Thorne slowly sank to the chair again, not in defeat, but with infinite weariness, one elbow hooked over the back. With a flick of his fingers, he indicated the casino beyond. “Forget the ahaˉzum; I have all this. What more could a tribeless Indian want?”
Alyce stood against his glowering regard. “If you don’t want more, give me back my teshuva’s talisman.”
Though he didn’t move, Thorne’s sprawling stance became more of a lie. “I needed nothing of yours, ever.”
“Then give it back.”
He sat straighter and rephrased, emphasizing the words. “I never stole from you.”
Alyce considered his tone. He sounded bore
d, which worried her. Was he telling the truth this time?
Without the restraint the teshuva should have given her at possession, she would never have the confidence of the other talya women. She’d live out her immortal life with constant fear of drifting back to rogue. She tamped down the rapid thud of her heart, but it thumped back like a body that wouldn’t stay buried. “The teshuva’s memento was all I had.”
Thorne shook his head. “You had only the rags on your back when they dumped you out of the asylum.” He leaned forward again, his arm still hooked over the back of his chair as if he tried to hold himself back but couldn’t. The yellow rings of his eyes expanded. “I saw you that first night, stinking of the hospital and stumbling from the benzos; do you remember? You attacked me.”
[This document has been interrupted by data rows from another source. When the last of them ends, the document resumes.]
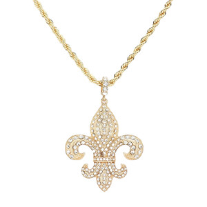 Iced Out Fleur de Lis Anhänger Halskette goldfarben Seil Kette Hip Hop Schmuck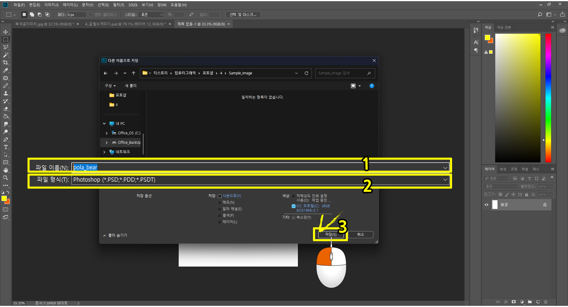 모든 단계마다 작업이 끝나면 파일을 꼭 저장 합니다. 간혹 긴 작업을 할 경우. 중간, 중간에 저장하는 습관을 갖는게 좋습니다.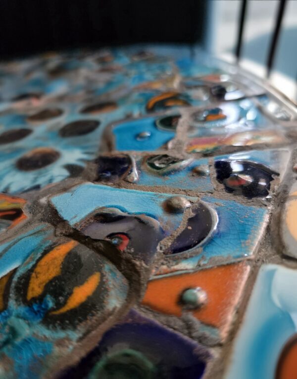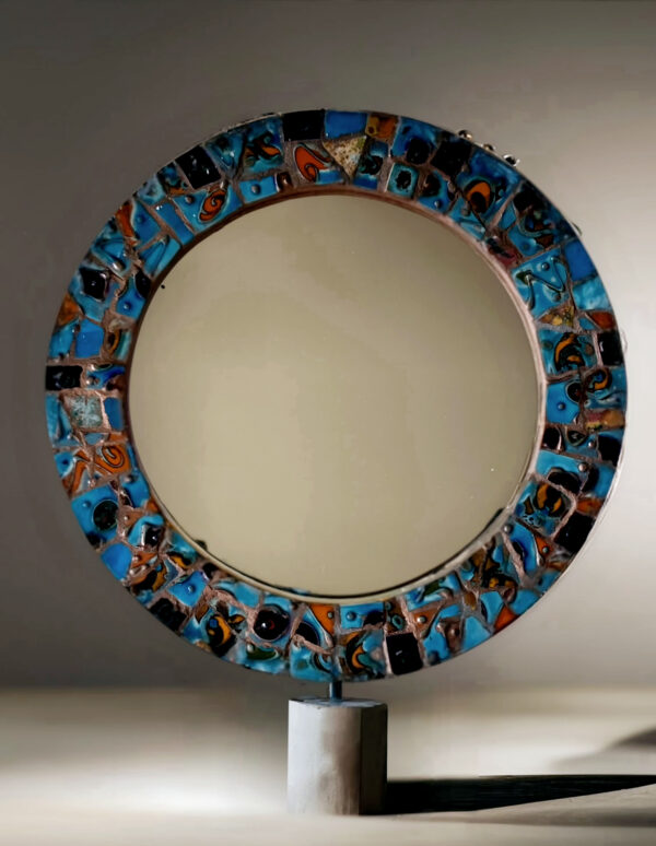 Ce miroir évoque la Méditerranée dans toute sa splendeur. les mosaïques de céramique aux dégradés de bleu allant du turquoise au marine profond ponctués de touches d’orange, évoquent les eaux cristallines et le coucher du soleil éclatant. Les motifs en relief rappellent les vagues créant une sensation de profondeur et d’infini.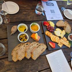 Zwei Weissweine und einen roten Wein degustiert. Gmündi Wasser und er hat die Käseplatte organisiert 😊
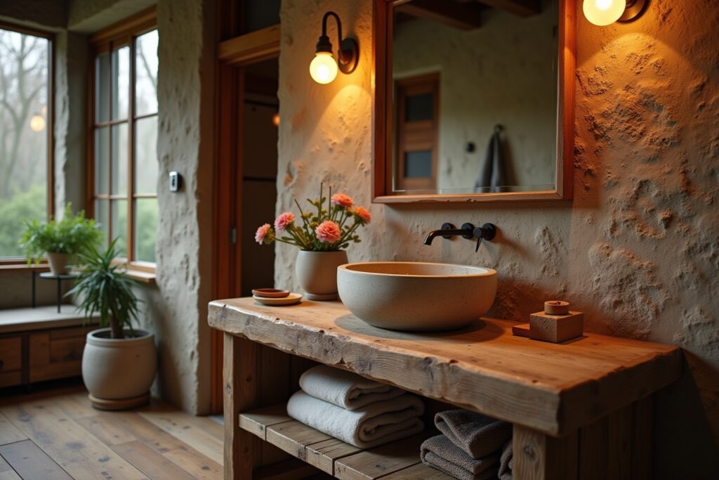 - Natürliche Materialien im Umfeld: Kombiniere den Waschtisch mit weiteren natürlichen Materialien wie Holzaccessoires, Steinböden oder textilen Elementen aus Leinen oder Baumwolle.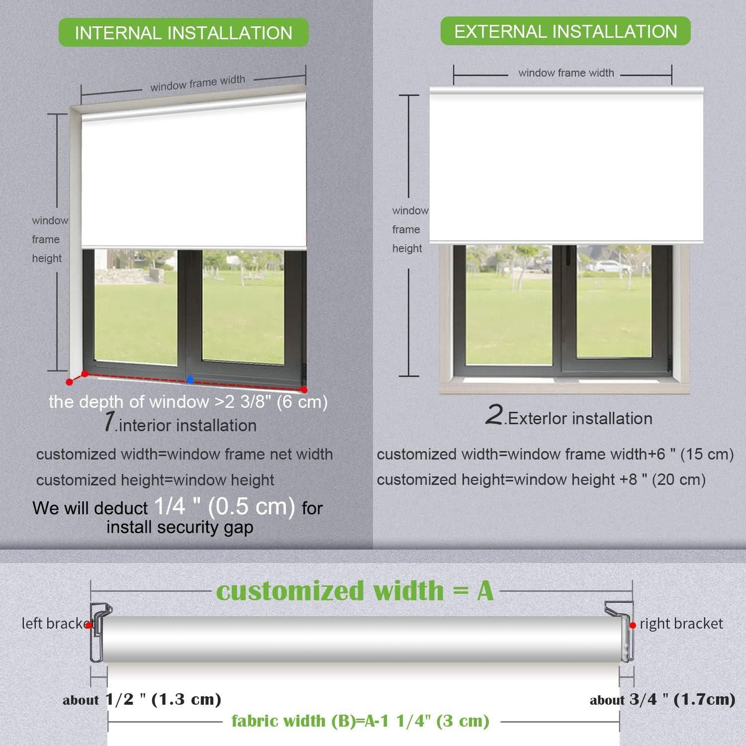 【Hecho por encargo】 el estor Motorizado Inscritable Está Hecho A Medida Con Una Precisión de 0,1 cm, por favor, Sigue las Imágenes de la Guí de Mediciónico en El Lado Izquierdo y Elige El Tamaño Redondeado másproximado. Por Ejemplo, Si Tu Medida es de 110,1 cm de ancho y 180 cm de Alto, Selecciona 120 x 200 cm en el Menú Desplegable Para Pagar.

She pursed her lips. “The teshuva must have been starving.”
“I hit you hard enough to knock you out of your shoes—no loss—but you kept coming. You were fearless.” His fingers splayed across his desk. “To the djinni, you shone like …” Abruptly, he pushed himself back. “Just as well I never found my inner light if it’s so damn crippling. But that was the angel relic in you. It’s gone now. It was never meant for either of us, and here you are, on the path laid out for you from the beginning.”
The realization froze her. What other path had he yearned for? Whatever it had been, he was right; it was closed to them now.
If she hadn’t been so still, she wouldn’t have heard Sidney’s infinitesimal sound of agreement. He refused to meet her gaze.
“But there is a new path,” he said. “The doorway leading into the demon realm. Why were you there, Thorne?”
Thorne gave him a lazy smile. “You want answers? So do I. Let’s bet on the flip of a coin.”
“I’m not a gambling man,” Sidney said.
Thorne scoffed. “Alyce would bet me.”
“I’d fight you again.”
“Alyce.” The warning in Sidney’s voice trembled through her.
She lifted her chin. “What do you want to know, Thorne?”
“The verge was Corvus’s doing. Why?”
Sidney stared at the djinn-man a long moment, then shrugged. “Corvus’s djinni wanted to unleash hell on Earth. Corvus wanted to be free. They both got what they wanted.”